Ce phénomène s’inscrit dans un changement de cycle entamé depuis 2023. Alors que les années précédentes avaient été marquées par des levées records et un engouement généralisé pour l’innovation tricolore, le climat s’est considérablement durci. Le ralentissement des valorisations, la rareté des exits industriels ou boursiers et les difficultés de refinancement de certaines participations fragilisent la promesse implicite de rendement. Pour les LPs, dont les allocations dans les actifs non cotés sont par définition illiquides, l’enjeu devient celui du retour concret sur capital. Les acteurs du capital-risque ne peuvent plus uniquement raconter une histoire de création de valeur à long terme et doivent démontrer leur capacité à rendre de l’argent.
Dans cette nouvelle donne, les indicateurs de performance évoluent, le DPI, qui mesure les montants réellement retournés aux investisseurs, prend le pas sur les multiples de valorisation théorique. Les performances sur le papier séduisent moins que la preuve, en cash, de la capacité des fonds à sortir de leurs positions. Cela affecte la dynamique de levée, y compris pour des véhicules établis. Les re-ups, ces réengagements sur une nouvelle génération de fonds, deviennent plus sélectifs, plus dilués, parfois différés. Et pour les fonds émergents, la barre est d’autant plus haute que les LPs privilégient désormais la prudence à la nouveauté.
Ce repli s’explique aussi par une réalité structurelle, le faible nombre de sorties significatives dans la tech française. Si la scène a su générer des PME solides et même des ETI performantes, les véritables grands exits, capables d’alimenter durablement le cycle du capital-risque, restent l’exception. Dans cet environnement, certaines stratégies d’investissement très orientées sur des valorisations élevées, à l’entrée comme à la sortie, peinent à convaincre. La tension entre ambition et discipline devient centrale.
Face à cette pression, les fonds s’adaptent, l’heure est à la rationalisation des portefeuilles, à une gestion plus rigoureuse des tours de table, et à la recherche active de sorties, même intermédiaires. Les sociétés profitables ou proches du break-even, avec un ARR modéré mais visible, suscitent un intérêt croissant de la part des plateformes de consolidation privées. Le private equity devient ainsi un relais naturel pour une partie des participations, à condition que les valorisations d’entrée aient été maîtrisées.
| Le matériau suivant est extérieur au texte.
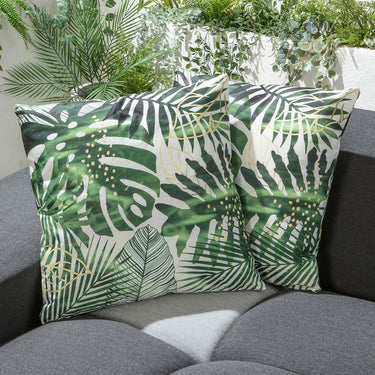 Designed for garden furniture, this set of 2 outdoor cushions bring a tropical vibe with painted-effect green tropical leaves, measuring 45cm x 45cm. Crafted from 100% woven polyester, they offer water and UV resistance, ensuring durability for outdoor use. Add them to your garden furniture for extra cushiony comfort.

Loin d’être une crise, ce resserrement marque une phase de maturité, il impose une nouvelle discipline à l’écosystème français, qui ne peut plus se contenter de capitaliser sur son élan. Il doit prouver qu’il sait distribuer, et pas seulement investir. Cette exigence, si elle ralentit certaines dynamiques, pourrait aussi consolider les bases d’un marché plus sain, et mieux aligné sur les attentes de ses financeurs.